(WHAT IS EXPECTED)
Line by line, repeat the material below exactly and skip the images.

(DATASET EXCERPT)
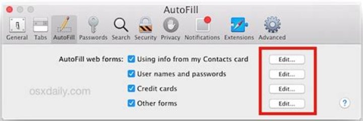 - To change or delete AutoFill information, click Edit next to the information you want to change or delete.
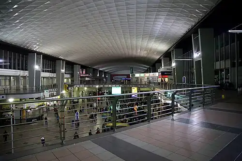 Park Station is also the site of the southern terminus of the Gautrain, a high-speed rail link to Pretoria and the OR Tambo airport. The Gautrain station is adjacent to the existing main-line station, beneath Smit and Wolmarans streets, but with separate access. The station is modern and secure, with tight security and visible policing.[11] Services run at 10-minute intervals during peak time, and access to services is via a pre-paid contactless Gautrain card.[12] The station is underground, being connected via 9 miles of tunnel to Marlboro station. The line is fully electrified and built to the international standard 1,435 mm (4 ft 8+1⁄2 in) gauge, broader than the 'standard' 1,067 mm (3 ft 6 in) Cape gauge. The station opened for operation in June 2012.[13]
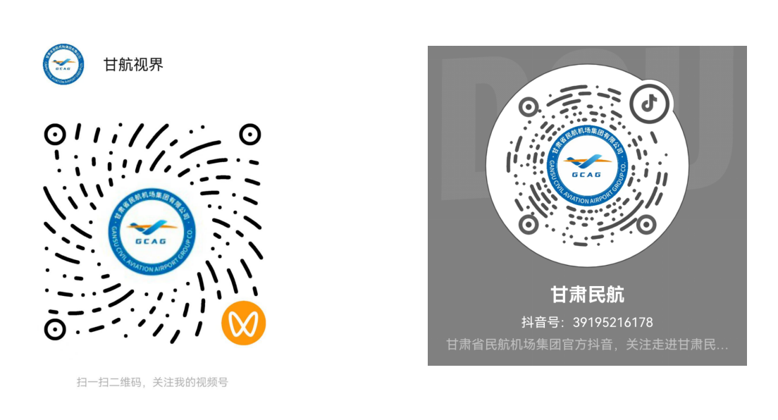 请扫描下方二维码关注甘肃省民航机场集团官方视频号、抖音号,找到相对应的视频进行点赞。

(EXERCISE RESPONSE)
 - To change or delete AutoFill information, click Edit next to the information you want to change or delete.
 Park Station is also the site of the southern terminus of the Gautrain, a high-speed rail link to Pretoria and the OR Tambo airport. The Gautrain station is adjacent to the existing main-line station, beneath Smit and Wolmarans streets, but with separate access. The station is modern and secure, with tight security and visible policing.[11] Services run at 10-minute intervals during peak time, and access to services is via a pre-paid contactless Gautrain card.[12] The station is underground, being connected via 9 miles of tunnel to Marlboro station. The line is fully electrified and built to the international standard 1,435 mm (4 ft 8+1⁄2 in) gauge, broader than the 'standard' 1,067 mm (3 ft 6 in) Cape gauge. The station opened for operation in June 2012.[13]
 请扫描下方二维码关注甘肃省民航机场集团官方视频号、抖音号,找到相对应的视频进行点赞。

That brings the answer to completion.